WHAT IS NEEDED:
Give back all of the data exactly as it stands, with the pictures removed.

━━━ EXERCISE DATA

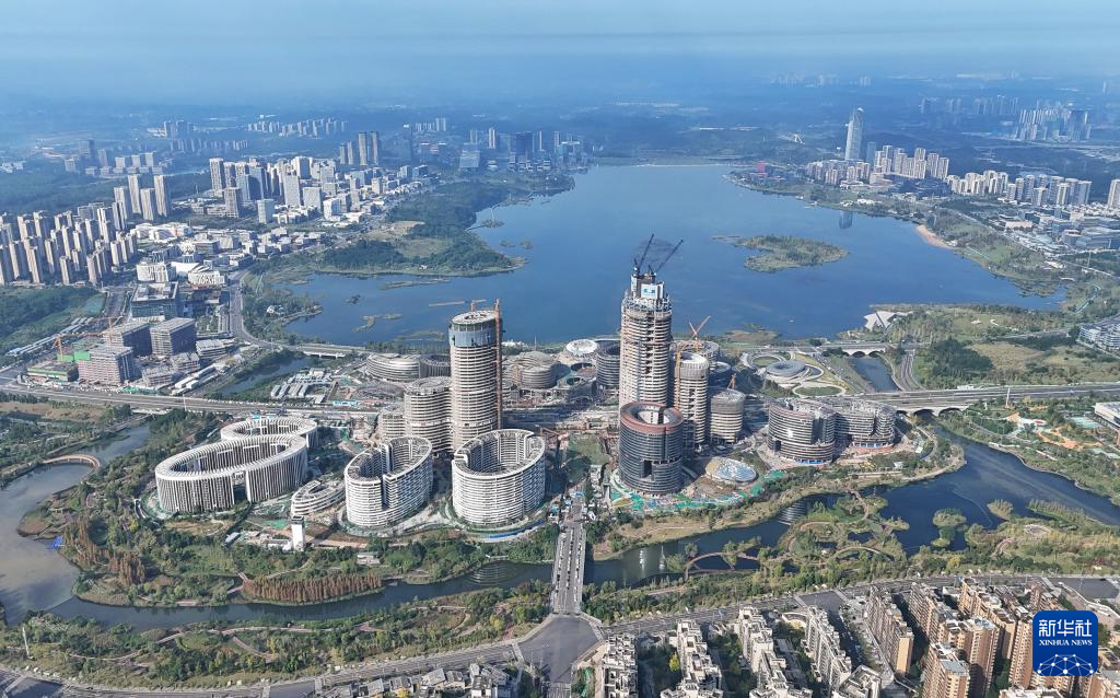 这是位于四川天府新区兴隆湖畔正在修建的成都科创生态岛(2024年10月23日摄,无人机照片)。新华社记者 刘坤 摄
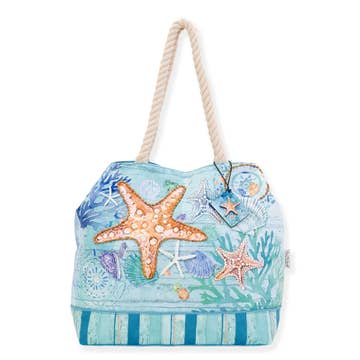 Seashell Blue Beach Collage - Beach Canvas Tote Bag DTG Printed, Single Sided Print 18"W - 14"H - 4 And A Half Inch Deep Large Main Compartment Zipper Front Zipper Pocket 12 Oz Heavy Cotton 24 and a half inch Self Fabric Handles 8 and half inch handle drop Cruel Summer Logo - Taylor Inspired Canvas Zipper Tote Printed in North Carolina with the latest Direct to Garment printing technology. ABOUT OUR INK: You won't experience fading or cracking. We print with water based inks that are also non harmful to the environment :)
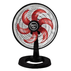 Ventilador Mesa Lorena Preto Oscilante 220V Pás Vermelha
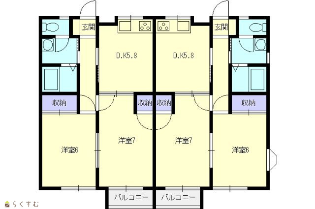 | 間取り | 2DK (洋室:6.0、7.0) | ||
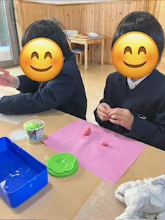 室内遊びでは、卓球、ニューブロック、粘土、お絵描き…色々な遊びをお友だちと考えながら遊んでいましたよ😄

━━━━━━

ANSWER BELOW:
 这是位于四川天府新区兴隆湖畔正在修建的成都科创生态岛(2024年10月23日摄,无人机照片)。新华社记者 刘坤 摄
 Seashell Blue Beach Collage - Beach Canvas Tote Bag DTG Printed, Single Sided Print 18"W - 14"H - 4 And A Half Inch Deep Large Main Compartment Zipper Front Zipper Pocket 12 Oz Heavy Cotton 24 and a half inch Self Fabric Handles 8 and half inch handle drop Cruel Summer Logo - Taylor Inspired Canvas Zipper Tote Printed in North Carolina with the latest Direct to Garment printing technology. ABOUT OUR INK: You won't experience fading or cracking. We print with water based inks that are also non harmful to the environment :)
 Ventilador Mesa Lorena Preto Oscilante 220V Pás Vermelha
 | 間取り | 2DK (洋室:6.0、7.0) | ||
 室内遊びでは、卓球、ニューブロック、粘土、お絵描き…色々な遊びをお友だちと考えながら遊んでいましたよ😄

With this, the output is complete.